Weight-loss surgery more effective than drugs in real world study
London: Bariatric surgeries led to about five-times more weight loss than weekly injections of popular
GLP-1 drugs
, according to data from a real-world comparison study presented on Tuesday at the American Society for Metabolic and
Bariatric Surgery
scientific meeting in Washington.
"Clinical trials show weight loss between 15% to 21% for GLP-1s, but this study suggests that weight loss in the real world is considerably lower even for patients who have active prescriptions for an entire year," study leader Dr. Avery Brown of NYU Langone Health said in a statement.
Researchers reviewed records of 38,545 patients who were prescribed injectable semaglutide or tirzepatide between 2018 and 2024 and 12,540 patients who underwent bariatric surgery during the same period. Everyone started the study with a body mass index of at least 35, which is considered severe obesity.
Semaglutide is the main ingredient in
Novo Nordisk
's Wegovy and Ozempic, while tirzepatide is the main ingredient in
Eli Lilly
's Zepbound and Mounjaro.
At three years after undergoing sleeve gastrectomy or gastric bypass or starting the drugs, patients who underwent surgery had lost on average 24% of their starting weight, compared to about 5% for similar patients who used the drugs for at least six months and about 7% for those who took them for a year.
Brown noted that as many as 70% of GLP-1 patients may discontinue treatment within one year.
"While both patient groups lose weight, metabolic and bariatric surgery is much more effective and durable," ASMBS President Dr. Ann M. Rogers, who was not involved in the study, said in a statement.
"Those who get insufficient weight loss with GLP-1s or have challenges complying with treatment due to side effects or costs, should consider bariatric surgery as an option, or even in combination," she said.
NEW BLOOD TEST MAY REDUCE LIVER TRANSPLANT FAILURES
An experimental blood test can help surgeons catch and identify problems with newly transplanted livers at early stages, researchers say.
It's not unusual for transplanted organs and recipients' nearby tissues to sustain damage during the transplantation process. Hints of problems will show up later in routine blood tests, but identifying the precise site of the damage often requires costly imaging studies and surgical biopsies, according to a report published on Tuesday in Nature Communications.
The new test works by picking up DNA fragments left behind in the blood by dying cells. The chemical signatures on these DNA fragments can be used to identify the original cell type and where it came from, with precise detail, the researchers found.
If you can determine which part of the liver is injured - for example, the bile ducts, or the blood vessels - "you could provide a more personalized treatment approach that leads to better care for the patient," study leader Dr.
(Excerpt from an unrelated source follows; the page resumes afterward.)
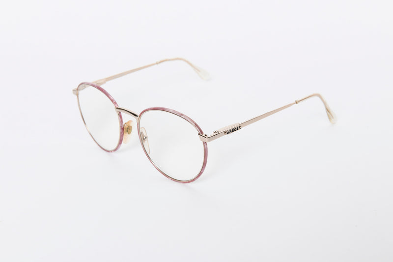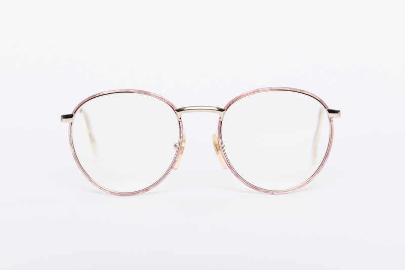 Womens, purple pearlescent rounded metal frame, very pretty colouring with gold metal arms and subtle name branding by hinge. 52/18 135. Small/Medium.
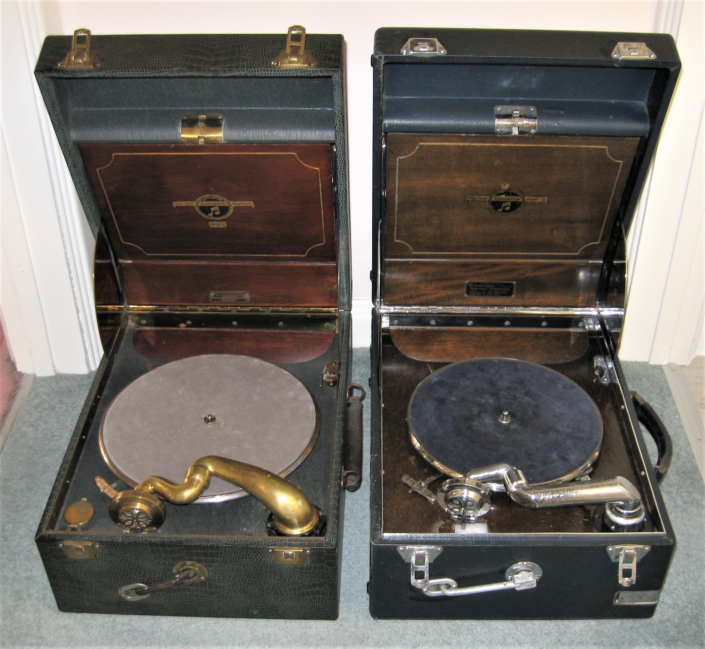 It is too late to rectify the 220's case clasps, as it has been sold and replaced by a much rarer 113 :Phono48 wrote: Wed Aug 24, 2022 1:40 pm Nitpicking, I know, but the 220 on the right has the case clasps the wrong way up! All Columbias with the folding winding handle have the clasps mounted "upside down" so that you don't lose the skin on your knuckles when winding.

Alexander Kroemer of MedStar Georgetown University Hospital in Washington, DC said in a statement.
In addition to being faster and less invasive than a traditional biopsy, the blood test is also potentially more accurate, because biopsies only sample a few spots in the liver and might miss the site of the problem, he added.
Georgetown has filed patent applications on the technology, and the research team is seeking partners to commercialize the test.
DIABETES PRECURSOR SHOWS UP ON MUSCLE ULTRASOUND
Ultrasound exams of thigh or shoulder muscles can detect
insulin resistance
at its earliest stages, researchers reported in the Journal of Ultrasound in Medicine.
"We perform a large number of shoulder ultrasounds and noticed that many patients' muscles appear unusually bright," study leader Dr. Steve Soliman of the University of Michigan said in a statement.
His team discovered in earlier studies that most of these patients have type 2 diabetes. But some had bright muscles on ultrasound even with no signs of diabetes or prediabetes.
Subsequently, upon short-term follow-up, these patients often also developed prediabetes or type 2 diabetes.
To test the potential for noninvasive muscle ultrasound as a predictive tool for detecting the development of pre- or type 2 diabetes - potentially earlier than current methods - the researchers performed muscle ultrasounds on 25 patients who were also being evaluated for insulin resistance.
Although muscle ultrasound could detect insulin resistance and impaired insulin sensitivity, in this small study the level of brightness was not directly correlated with the degree of the condition. The researchers are recruiting more participants to continue the analysis.
The exact reason why muscle brightness on ultrasound might indicate insulin resistance is less clear than the finding that it does, the researchers said.
"Clinicians increasingly use these point-of-care and handheld ultrasound devices, sometimes called 'the stethoscope of the future,' for rapid diagnosis of various conditions," Soliman said.
"A medical assistant or clinician with little to no training could easily use this device on a patient's upper arm or thigh, as routinely as checking weight or blood pressure, and potentially flag patients as 'high risk' or 'low risk' for further testing."